20.Bölüm/Yüzleşme

418 24 11
                                    

Eylülün ağzından

Umutlarım yıkılmıştı, hayallerim yıkılmıştı, sanki bütün dünya başıma yıkılmıştı benim. Neler olduğunu anlamamıştım bile. Genzim, burnum yanıyordu dumanlardan.
Dumanlar bile kesmiyordu nefesimi fatihin yaptığının yanında. Yanaklarımdan yaşlar süzülüyordu. Alevlerin ortasında ölmeyi bekliyordum.

Genzim yanıyordu, öksürmeye başlamıştım bile. Mete yerden kalkmaya çalışıyordu, fatih ise duvara yaslanmış nefes almaya çalışıyor ve öksürüyordu.  Onun gözlerine baktım. Masum görünen gözlerine. Bütün söylediği cümleler beynimin içinde yankılanıyordu.

Hızla doğruldu ve bana yaklaştı. Kendimi geri çektim hemen. "Fatihh" barış abinin sesi gelmişti. "Git fatih git." Yanıyordu ev. Tavandan parçalar düşmeye başlamıştı bile. Dumanlardan göz gözü görmüyordu ve kararıyordu gözlerim.  İttirdim fatihi. "Dokunma bana fatih." Dengemi kaybedip yere düşmemle kolumu tuttu ve kaldırdı. Ayaklarımdan da tutarak kucağına almıştı. "Bırak beni." Derken gözlerim etrafı net görmüyordu. Korkuyordum, ölmekten değil kurtulmaktan. Eğer kurtulursam acı çekeceğim, hiç çekmeyeceğimi düşündüğüm aşk acısını çekecektim. Fatih arka kapıdan hızla çıkarmıştı beni evden uzaklaştı ve yere bıraktı. "Ölmene izin veremem eylül. Sen hep mutlu ol." Dedi ve yüzümü avuçlarına alıp alnımın ortasından öptü. Arkasına döndü ve eve geri girdi. Karanlık ormanı evin alevleri aydınlatıyordu.

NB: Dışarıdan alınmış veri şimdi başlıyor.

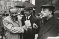 The painter Renato Guttuso (left) is greeted by friends at an event in the rain
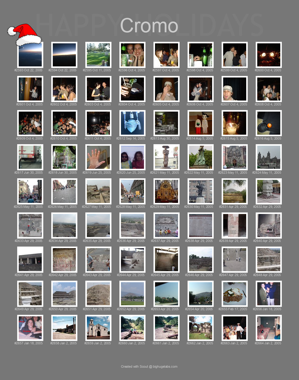 1. Vista de avion / plane view, 2. Vista de avion / plane view, 3. Placita interna medio feng shui, 4. Flap y Flor, 5. Pelianos en Kandi, 6. Pelianos en Kandi, 7. Fede y Mamucha (santi x ahi), 8. Vasos locos con pajitas locas, 9. Valeria, 10. Pelianos en Kandi, 11. Marce and moza, 12. Cuba Libre para miiiiiiiiii, 13. Dam, tb te queremos, 14. Pelianos en Kandi, 15. Pelianos en Kandi, 16. Pelianos en Kandi, 17. Pelianos en Kandi, 18. Pelianos en Kandi, 19. Pelianos en Kandi, 20. Vasija / Crock, 21. 2, 22. Astroboy from the inside, 23. Dinner light, 24. Just about to fall, 25. Lights! Lights!, 26. Other nice building, 27. Touch the window, 28. Windy day, 29. Monumento a Mariachis, 30. Monumento a Mariachis, 31. Iglesia, 32. Ciudad de México, 33. Ciudad de México, 34. Ciudad de México, 35. Ciudad de México, 36. Ciudad de México, 37. Inside the church, 38. Ciudad de México, 39. View from outside, 40. On the market, 41. View from the top of Moon Pyramid and Pelado, 42. View from the top of Moon Pyramid 3, 43. View from the top of Moon Pyramid 2, 44. View from the top of Moon Pyramid, 45. View from the Moon Pyramid, 46. House's data, 47. Butterfly carving, 48. Dragon/whatever Face, 49. Some important's people home, 50. Puma's drawing, 51. Up the Sun Pyramid, 52. More under city, 53. City under city, 54. Reconstruction of the city, 55. View from the Ciudadela's Pyramid, 56. Detailed view from the conver, 57. Pyramid cover, 58. Other view of the pyramid, 59. Pyramid, 60. View from the entrance, 61. Road to work 2, 62. Road to work, 63. great steak, 64. Mama Agus Papa, 65. Me long time ago, 66. Panama, 67. Panama, 68. Panama, 69. Panama, 70. Panama, 71. Me, at the stage!, 72. This is the hotel we stayed at
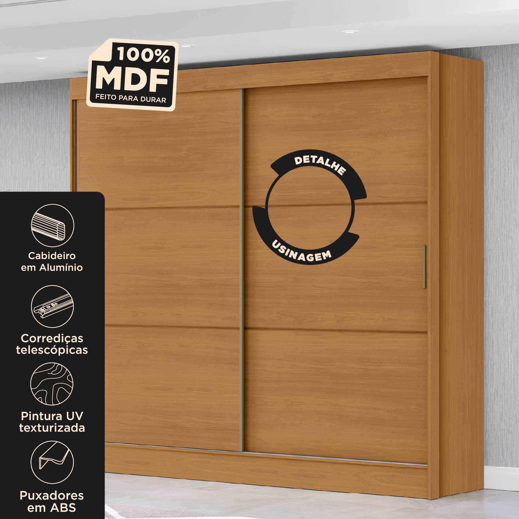 Guarda-roupa casal 2 portas de correr com 3 gavetas Palermo - cinamomo / cinamomo
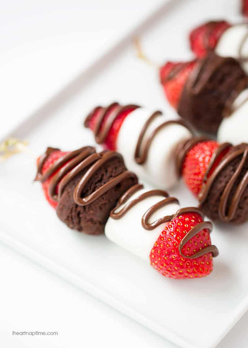 I have to say one of my all time favorite combos is chocolate and strawberries. These dessert skewers are one of my top ways to pair the two, as well as my chocolate covered strawberries and brownie strawberry trifle. Seriously delicious!
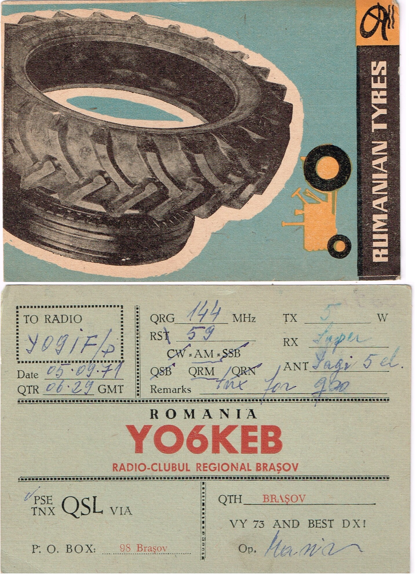 YO6KEF to YO9IF/P 5 septembrie 1971 145MHz

Fatih alevlerin arasında kaybolmuştu. Kalkacak gücüm yoktu, bağıracak mecalim yoktu. Gözlerim iyice kararıyordu ki alevlerin arasından çıkan birini görmüştüm. Ama gözlerim kendini karanlığa bırakmıştı.
            *********************
Gözlerimi yavaşca açıyordum. Yutkunduğumda acıyordu boğazlarım. Yanaklarım ıslaktı hâla.  Etrafa baktığımda kendimi bir araba koltuğunda buldum. Hızla doğruldum ve ön koltuğa baktım. "Mete" dedim şaşkınlıkla. Şoför koltuğundaydı. Hızla kafasına bir tane patlattım. "Bırak lan beni." Ani fren yapmasıyla sarsıldım.

"Seni ölümden kurtardım eylül. Bana tercih ettiğin o fatih seni öldürüyordu eylül. Yakacaktı seni." İçimi çekerek ağlamaya başladım. "Hepinizi Allah'a havale ediyorum ben. Bırak beni." Araba kilitlerini açtı. "Korkma eylül ben sana zarar vermem. Evine, sıcak ve güvenli yuvana getirdim seni." Hızla arabadan indim. Çaresizce yürüyordum.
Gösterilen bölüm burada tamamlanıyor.